И рядом с ней вырос Бранд, и в перевязанной его руке был тот самый красивый кинжал.
Тут руки потянулись к оружию с обеих сторон от костра – эля выпито было много, добавьте к этому уязвленную гордость, да и проиграли многие, когда бились об заклад… Одним словом, все могло обернуться кровавой дракой, а то и смертоубийством. Но тут меж насупленными мужиками прыгнул отец Ярви:
– Разве у нас не достаточно врагов? Зачем делать врагами друзей? Зачем напрасно лить кровь? Давайте разожмем кулак, пусть кулак превратится в ладонь! Почтим Отче Голубок! Вот, смотрите!
И он сунул руку в карман и бросил Гнутому что-то блестящее.
– Что это? – рявкнул кормчий.
– Серебро королевы Лайтлин, – умильно улыбнулся Ярви, – и на каждой монете отчеканен ее профиль!
У служителя было меньше пальцев, чем нужно, однако теми, что имелись, он пользовался с невероятной ловкостью – Ярви принялся разбрасывать сверкающие в свете костра монетки между людьми с «Черного пса».
– Не нужны нам ваши подачки! – гаркнул Гнутый, хотя многие уже бухнулись на колени – монетки подобрать.
– В таком случае, считайте это платой вперед! – воскликнул Ярви. – За то, что королева выплатит вам, если вы явитесь перед ней в Торлбю! Она и ее супруг король Атиль всегда рады храбрецам и искусным воинам! Особенно тем, кто не слишком любит Верховного короля!

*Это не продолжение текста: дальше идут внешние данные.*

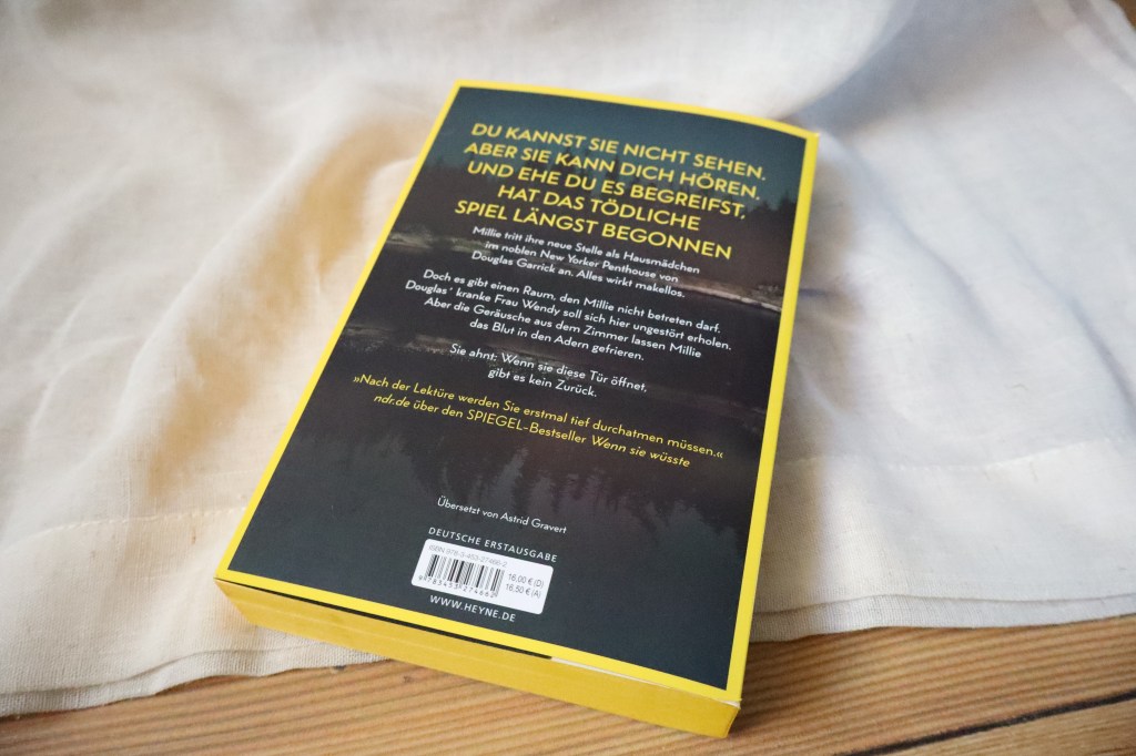 Erst einmal möchte ich den unglaublichen Schreibstil von Freida McFadden loben. Sie schreibt so mega spannend, dass ich das Buch wirklich nicht aus der Hand legen konnte. Seit über einem Jahr konnte ich kein Buch mehr zur Hand nehmen, nichts hat mich mehr „abgeholt“. Sie kann dich hören war quasi meine Rettung. Seit ich es gelesen habe bin ich wieder voll dabei. Und ja ich habe diesmal gleich alle Teile gelesen 😉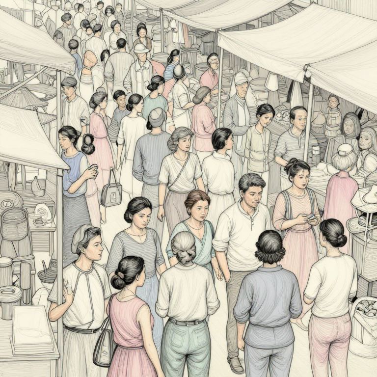 Peopledrawing showcasing a busy marketplace, crowded scene with diverse characters, intricate line work, high-detail clothing and accessories, muted pastel tones, lively interactions and chaos, perspective view from above, artistic blend of realism and impressionism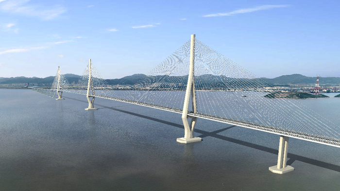 作为大型跨海连岛工程,六横公路大桥二期工程由多座桥梁及连接线构成,全线共设主线桥梁约17.76公里,其中特大桥约16.88公里,包含双屿门特大桥、青龙门特大桥两座世界级跨海大桥。其中,青龙门特大桥是世界跨度最大的三塔钢箱梁斜拉桥,双主跨756米横越大海,采用半漂浮体系设计,主塔为钻石型塔,三塔高度均为249米。

Дженнер Синий тут же поднял чашу:
– Ну! За королеву Лайтлин, за ее щедрость и несказанную красоту!
И все радостно заорали, и налили, и он тут же тихонько добавил:
– И за ее коварного-прековарного служителя…
А потом добавил еще тише и подмигнул Колючке:
– Не говоря уж о той, что сидит на кормовом весле и вообще всех затмевает…
– Что случилось?! – крикнул Колл, выбираясь к костру – заспанный, встрепанный и путающийся в одеяле.
Он все-таки запутался окончательно, рухнул наземь – и опять стошнился. Все чуть животики не надорвали со смеху.
И уже через несколько мгновений все рассказывали друг другу истории, и обнаруживали общих друзей, и спорили, чей кинжал лучше, а Сафрит уволокла сыночка за ухо и макнула в реку головой. Гнутый остался в одиночестве – он так и стоял, руки в боки, и метал убийственные взгляды в сторону Колючки.
– Сдается мне, ты приобрела в его лице врага, – пробормотал Бранд, пряча кинжал в ножны.
– О, врагов я приобретаю с невероятной легкостью. Что там говорит отец Ярви? Враги – это цена успеха.
И она крепко обняла их за плечи, обоих – и Бранда, и Одду, и заметила:
– Удивительно, что у меня еще и друзья появились!
– За щиты! – заорал Ральф.
И Бранда так и подкинуло от страха – только что он видел сладкие сны о родном доме, и вдруг раз – и из-под теплого одеяла нужно вылезать в утренний холод, а над головой алеет небо цвета крови.
– За щиты!
Люди суматошно выбирались из постелей, наталкивались друг на друга, носились, как спугнутые овцы – полуодетые, непроснувшиеся, кто при оружии, кто еще нет. Кто-то наступил на угли кострища, когда несся мимо, вихрем полетели искры. Кто-то отчаянно лез в кольчугу, путаясь в рукавах, и ревел от натуги.
– К оружию!
Колючка подскочила и встала рядом. На нестриженой половине головы волосы свалялись в безобразные колтуны, торчали космами среди наспех заплетенных косичек. А вот оружие в ее руках лоснилось свежей смазкой, и выражение лица было самое решительное. Бранд смотрел на нее и… набирался храбрости. Потому что, боги, храбрость ему сейчас очень была нужна. Он очень хотел набраться храбрости и отлить.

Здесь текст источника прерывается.